Why didn’t they find out who did it? I asked. They could have hit anyone. Even a baby.

They weren’t thinking about that, Mom said. They were sending the message that this is what happens if someone hurts our family.

I shook my head, furious, bothered. My mother and aunt spoke with disapproving low voices, almost whispers, shaking their heads with shame. But they were also secretly proud, I sensed.

When I got jumped into a Latino gang, my mother and her sister and their brothers may have been disappointed in me. But on a trip I took back to Manila, my grandmother’s brother Eduardo took one look at me-the broad muscles, the weight-lifter’s shoulders, the tattoos covering my arms and back-and he nodded in approval.

You are a true Laurel, he said.

That night, we got shitfaced on San Miguel gin.
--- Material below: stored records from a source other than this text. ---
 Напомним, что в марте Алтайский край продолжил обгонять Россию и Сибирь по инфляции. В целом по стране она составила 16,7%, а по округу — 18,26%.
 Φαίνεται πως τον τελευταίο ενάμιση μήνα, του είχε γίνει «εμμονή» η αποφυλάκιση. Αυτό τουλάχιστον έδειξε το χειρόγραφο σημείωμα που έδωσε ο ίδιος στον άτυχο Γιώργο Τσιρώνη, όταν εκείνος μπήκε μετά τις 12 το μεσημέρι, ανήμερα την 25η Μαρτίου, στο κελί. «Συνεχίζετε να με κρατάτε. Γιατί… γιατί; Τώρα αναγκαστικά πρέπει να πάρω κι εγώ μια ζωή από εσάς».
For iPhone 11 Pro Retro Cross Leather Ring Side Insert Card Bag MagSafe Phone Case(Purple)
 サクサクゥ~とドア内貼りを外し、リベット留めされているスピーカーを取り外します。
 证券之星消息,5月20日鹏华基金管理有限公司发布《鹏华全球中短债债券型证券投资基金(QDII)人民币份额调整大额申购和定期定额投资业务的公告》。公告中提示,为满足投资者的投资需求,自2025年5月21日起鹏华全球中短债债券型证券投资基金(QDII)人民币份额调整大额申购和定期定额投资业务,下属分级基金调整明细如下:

In my church we have an inscription that indicates the bread and wine are not His body and blood, but only symbols, remembrances of the Father. But I have a secret heresy. When I eat from the loaf, when I sip from the cup, I feel in my heart His presence and know I have consumed real flesh and real bodily fluid that is absorbed by my body. It is the Philippine Catholic inside me. I have other secret idolatries. There is a tattoo of the Virgin Mary on my back, from the base of my neck down to the crest of my buttocks; her shoulders spread across my shoulder blades, her feet step on the serpent coiled at my hips. All the other tattoos my congregation knew about, and I removed them by laser-across my arms and shoulders, my neck, my chest. When we went out to the frigid stream for full immersion, I kept two layers of undershirt on so they would not see the Holy Mother beneath.
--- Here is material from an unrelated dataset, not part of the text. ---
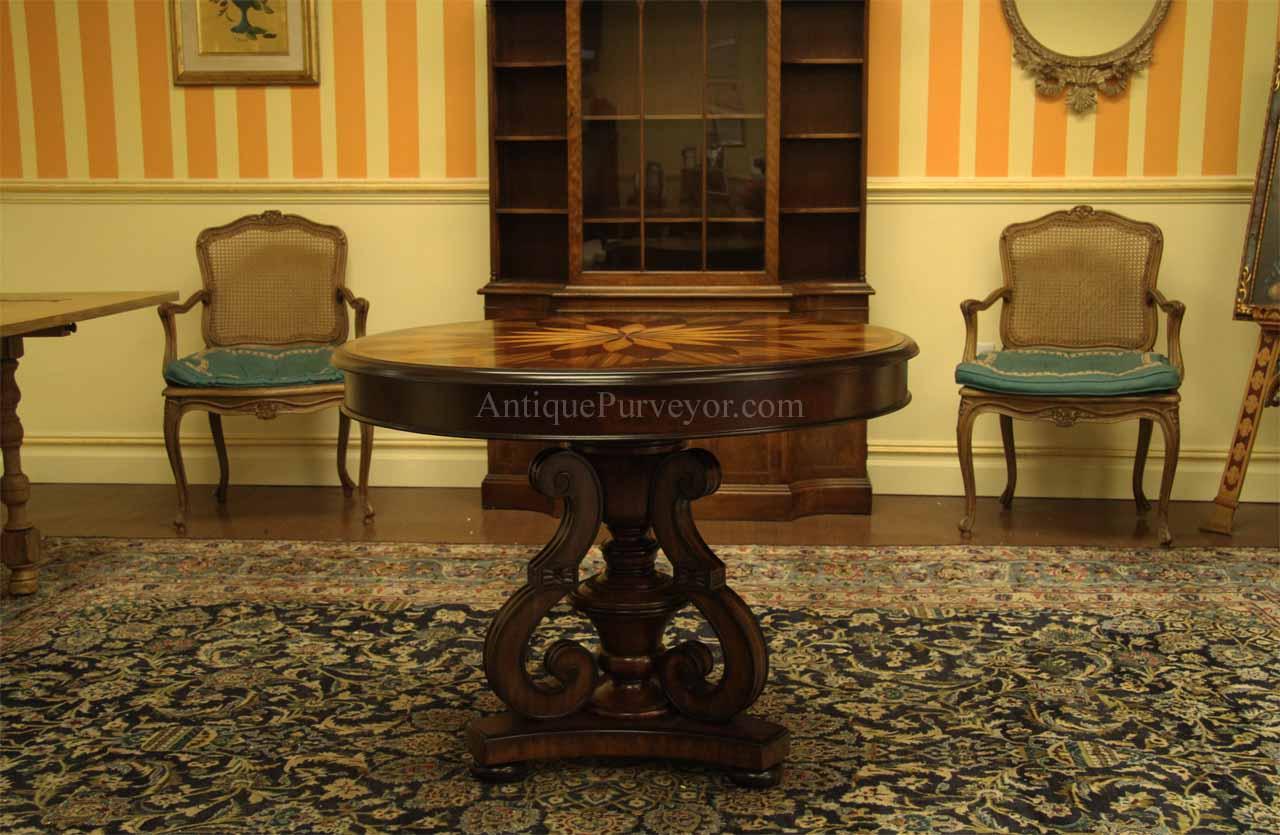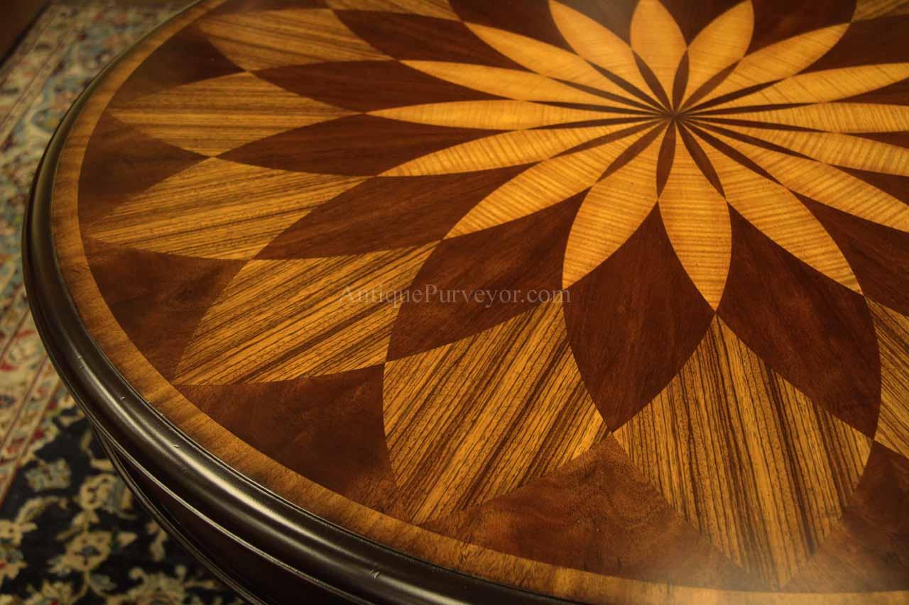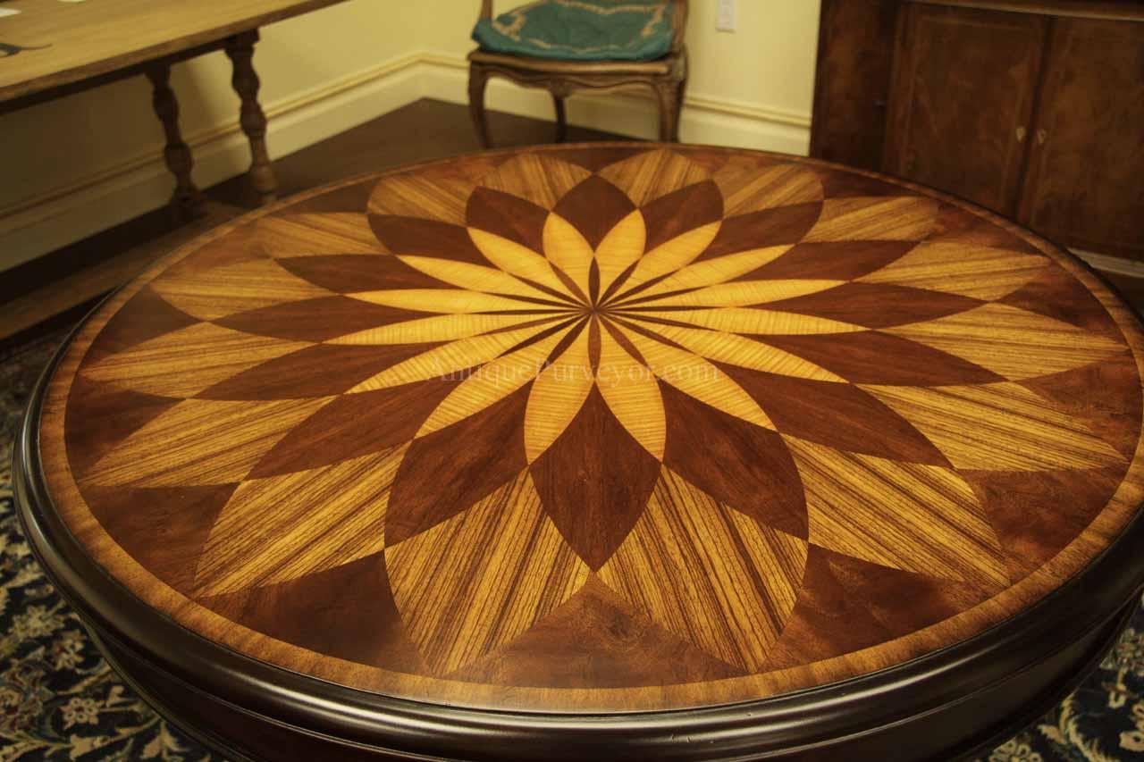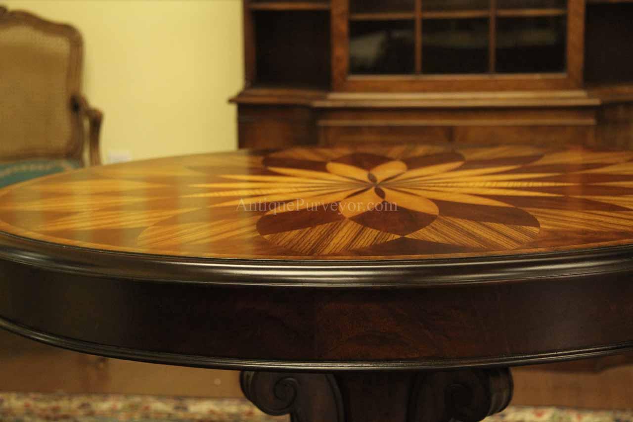 Inlaid mahogany entranceway table or center table. 41 inches round. Handmade marquetry with rosewood and satinwood decorated in star and flower pattern. Crisp floral carved tri leg pedestal base and traditional bun feet. Sturdy center table can also be used as a small round dining table because of its common 30 inch dining height. Quality table, heavy and well made pedestal table for a high end home or office. Table is also fitted with a decorative yet simple apron.
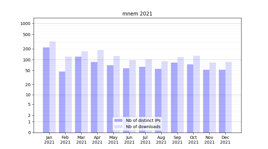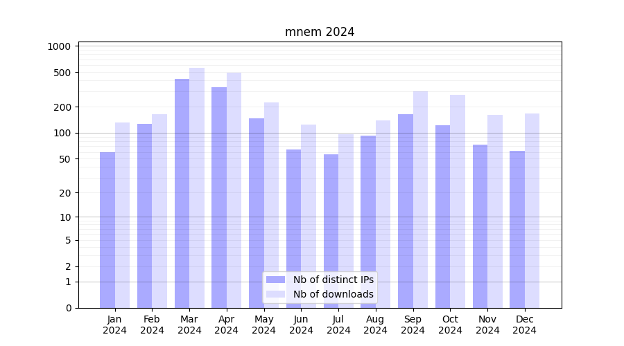 Number of downloads for software package mnem, year by year, from 2025 back to 2014 (years with no downloads are omitted):

They would not understand. But about some things I cannot let go.

I took Veronica to my church once. She hadn’t been to Mass in years. She said the rituals were meaningless, rote, hierarchical. I wanted to expose the unborn baby to Jesus, and thought our more spirited evangelical service might rekindle the piety of her childhood. But she looked surprised at the Spartan worship space and asked where the altar was. She puzzled at the aluminum chairs we had instead of pews, scanned the floor for kneelers.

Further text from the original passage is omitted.